Thursday, September 16, 2004

The Information Market

Michael Van Winkle writes: "If Nobel Prize winning economist F.A. Hayek had been watching last week as bloggers spontaneously responded to fraudulent documents aired by the program '60 Minutes', he would've grinned in humble satisfaction."
We've all heard critics of the Internet claim that, because no one "controls" it, no one can control it from disseminating the most outrageous rumors and conspiracies.
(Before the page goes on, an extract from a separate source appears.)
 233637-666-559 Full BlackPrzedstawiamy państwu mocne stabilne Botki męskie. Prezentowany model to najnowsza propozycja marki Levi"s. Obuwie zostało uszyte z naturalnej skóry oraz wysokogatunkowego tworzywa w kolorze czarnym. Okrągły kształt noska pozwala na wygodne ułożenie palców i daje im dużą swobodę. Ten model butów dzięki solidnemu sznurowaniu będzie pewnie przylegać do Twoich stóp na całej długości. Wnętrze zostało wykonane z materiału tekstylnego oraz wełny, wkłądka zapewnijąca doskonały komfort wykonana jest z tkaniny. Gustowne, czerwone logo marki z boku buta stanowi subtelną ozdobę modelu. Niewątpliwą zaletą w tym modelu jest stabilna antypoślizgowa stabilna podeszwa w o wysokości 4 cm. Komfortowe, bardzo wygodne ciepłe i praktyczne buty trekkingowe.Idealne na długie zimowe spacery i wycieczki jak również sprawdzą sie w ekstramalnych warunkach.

A similar critique was leveled at Hayek's arguments about markets: Sure, markets (spontaneous systems) can deliver food at reasonable prices, but advertising and marketing often mislead people about which foods they should buy.
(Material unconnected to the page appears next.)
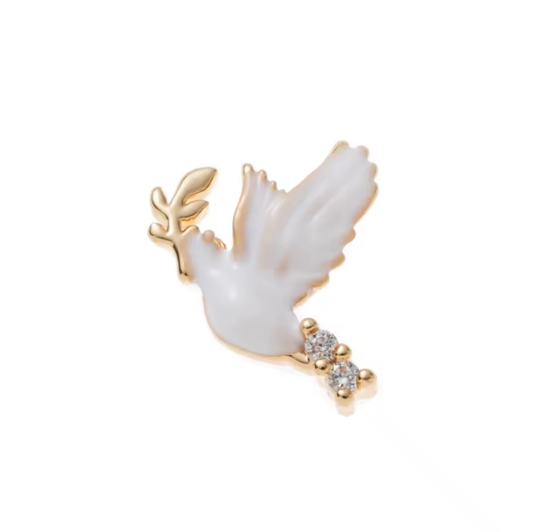 Witte duif voor world peace. Met een goud takje in zijn bek en voetjes van zirkonia.

This traditional criticism of the internet has now been aimed at the blogosphere and is embodied by big journalists like Jonathan Klein who, while defending the CBS story to The Weekly Standard remarked, "You couldn't have a starker contrast between the multiple layers of check and balances [at '60 Minutes'] and a guy sitting in his living room in his pajamas writing." Klein misses the point that it's not whether you can trust some guy in his pajamas, but whether you can trust a spontaneous system of thousands of guys in their pajamas trading information and imparting small, sometimes deceivingly insignificant, bits of information.
The media has been wrapping themselves in the First Amendment while telling us that we have to trust them because they know better than we what news is. A lot of people have noticed their bias, but their complaints are dismissed, because those people are not "journalists."

Then Roger Ailes came along. The man behind Rush Limbaugh and Fox News Channel realized that the news industry is not any different from any other. They are all market driven and those who ignore market developments are going to lose. There was and is a huge market for conservative views on current events, and Roger Ailes was the first to tap it in a big way. Paul Harvey has know this all along, which is why he is still so popular, but he never had the insight that taking it into a larger format and talking to the audience would blow huge holes in the liberal juggernaut that the media have become. Ailes did.

And the internet invented blogging, creating an almost perfect market for news and opinion, because it wasn't controlled by anybody. The reaction by Big Media has been predictable: harumphing, "standing by" the story, and more spin.

We've seen this scenario before, with Mussolini in Italy, Louis XVI in France and, ironically, with Richard Nixon in the U.S.A.